## Raw data:
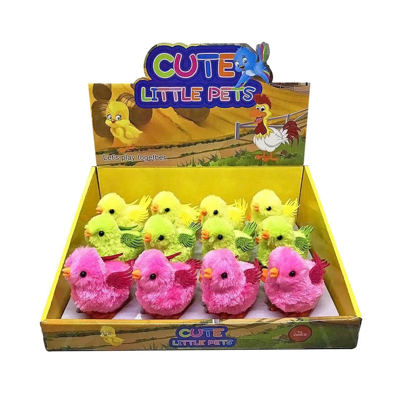 Igrača piščanček na navijanje. Kakovosten mehanizem za navijanje omogoča premikanje piščančku po kateri koli ravni površini. Realistični dizajn, mehak in puhast. Zagotavlja dolge ure zabavne igre. Piščančki so na voljo v rumeni, zeleni ali roza barvi. Velikost piščančka: 8 x 5,5 x 9 cm.
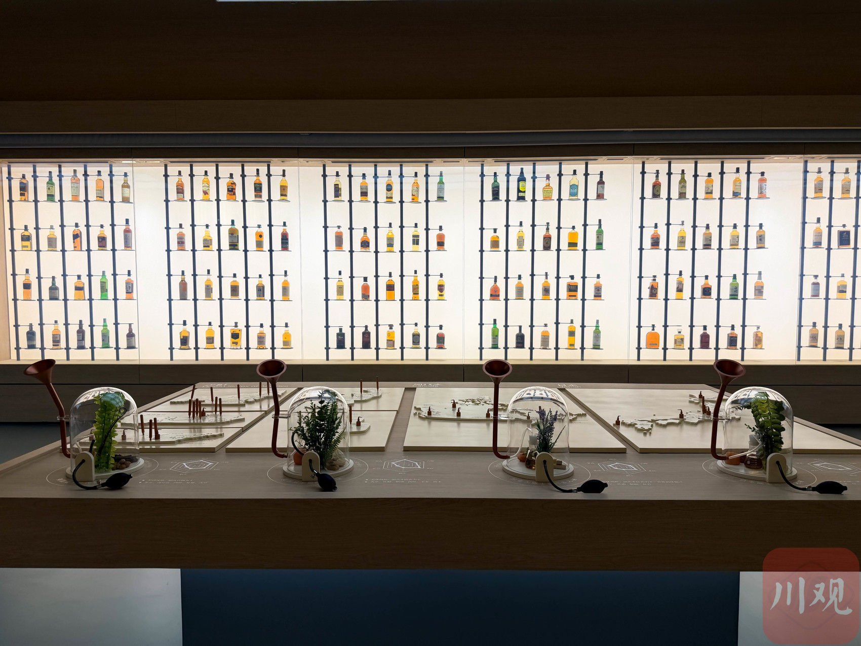 “世界馆”则打破传统陈列模式,成为趣味科普空间。代表爱尔兰、苏格兰、印度等产区的风味球错落摆放,轻轻一挤,就能闻到各地威士忌的独特香气,展现全球产区差异。记者选择了爱尔兰产区,轻轻挤压放在面前的小球,凑近一闻,威士忌味道就缓缓飘出:以果香谷物为主,混合着柑橘、苹果、麦芽、烟熏和泥煤的味道。
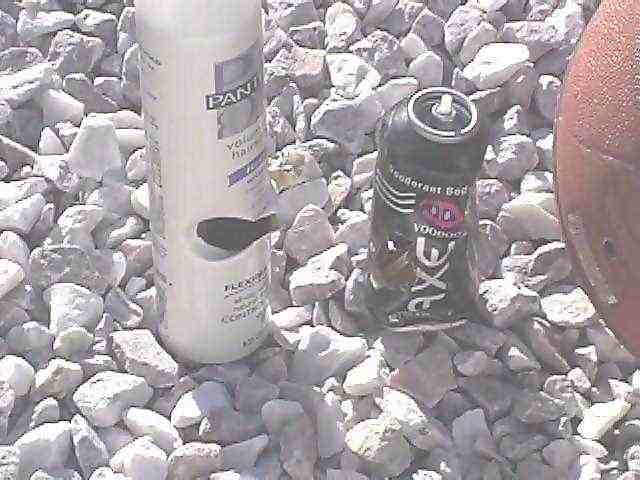 - Why won't anyone play basketball with me? The basekatball was used as a backstop for the 12 grams after they sliced through the aerosol cans. The only reason they stopped outside the ball and didnt go completely through is because of the contact they made with a plastic chlorine bucket (nice thick walls on those babies).

## Task to complete:
Would you copy out every line of the data above exactly, minus the pictures?

## Expected output:
 Igrača piščanček na navijanje. Kakovosten mehanizem za navijanje omogoča premikanje piščančku po kateri koli ravni površini. Realistični dizajn, mehak in puhast. Zagotavlja dolge ure zabavne igre. Piščančki so na voljo v rumeni, zeleni ali roza barvi. Velikost piščančka: 8 x 5,5 x 9 cm.
 “世界馆”则打破传统陈列模式,成为趣味科普空间。代表爱尔兰、苏格兰、印度等产区的风味球错落摆放,轻轻一挤,就能闻到各地威士忌的独特香气,展现全球产区差异。记者选择了爱尔兰产区,轻轻挤压放在面前的小球,凑近一闻,威士忌味道就缓缓飘出:以果香谷物为主,混合着柑橘、苹果、麦芽、烟熏和泥煤的味道。
 - Why won't anyone play basketball with me? The basekatball was used as a backstop for the 12 grams after they sliced through the aerosol cans. The only reason they stopped outside the ball and didnt go completely through is because of the contact they made with a plastic chlorine bucket (nice thick walls on those babies).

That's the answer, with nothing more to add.